Hello! The metrics are stored in a fixed sized ring buffer. If the outputs aren’t keeping up with the inputs, older metrics will be overwritten (“dropped”) from the buffer. You can increase the buffer size with the metric_buffer_limit config. This will increase telegraf’s memory usage.

The newer versions of telegraf surface buffer overflow errors better than earlier ones.

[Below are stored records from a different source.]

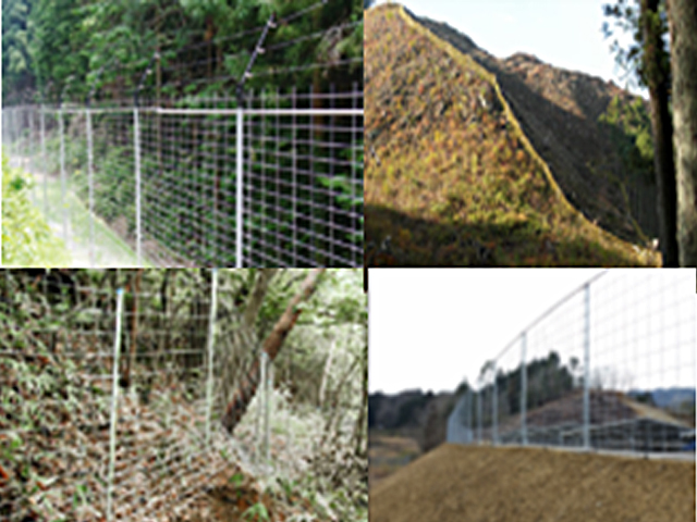 いのしし・鹿・さる獣害防止柵として「イノシッシ」、「ビリビリイノシッシ」の製造販売と設置を行っています。軽量で強力な金属パネルが大切な農作物、苗木、緑化木を護ります。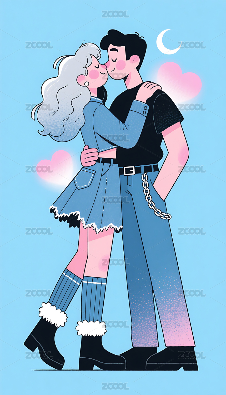 扁平风格美式时尚情人节情侣拥抱亲吻插画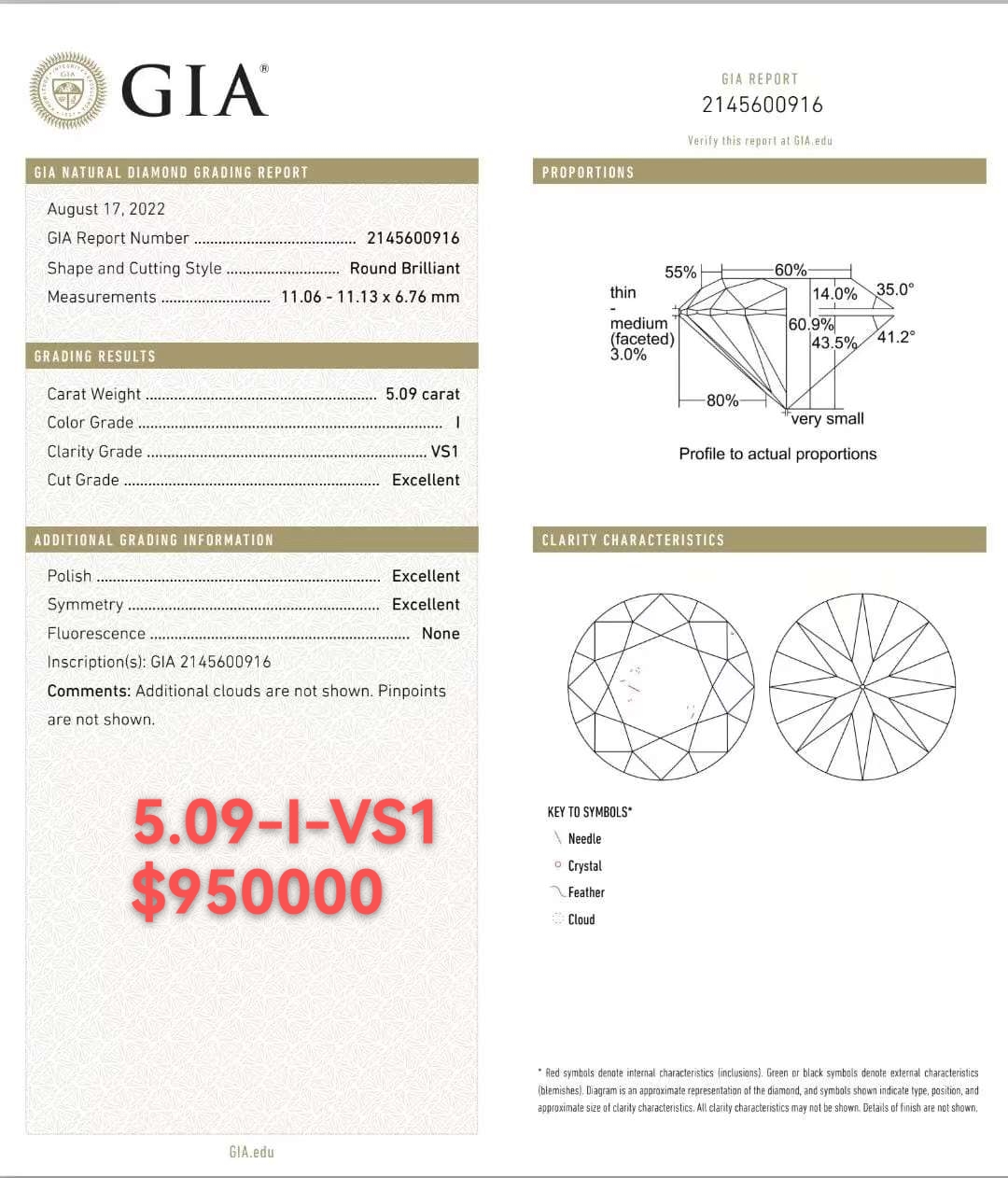 5.09 I VS1 GIA2145600916

@philjb Thanks for the reply Philjb, I tried increasing the metric_buffer_limit from 30000 to 100000. still dropping. someone suggested to use the influxdb_v2 output plugin with content_encoding = gzip option. We are running influx 1.7.6. I am not sure if using the v2 would be compatible or not. Also just to try it out am looking thru the options, but I am not finding where I would refer the database name in the v2… any ideas ? can I use the same format as the outputs.influxdb ( v1 ) plugin syntax itself ?

Thanks,

-Sreeni

The v2 output plugin is for InfluxDB 2. I suspect you are using a 1.x version. The v1 output plugin supports gzip already.

Using gzip will help push requests out of telegraf faster. If you are still running into problems, I would increase the buffer size again. Potentially you should look at the network connection speed too.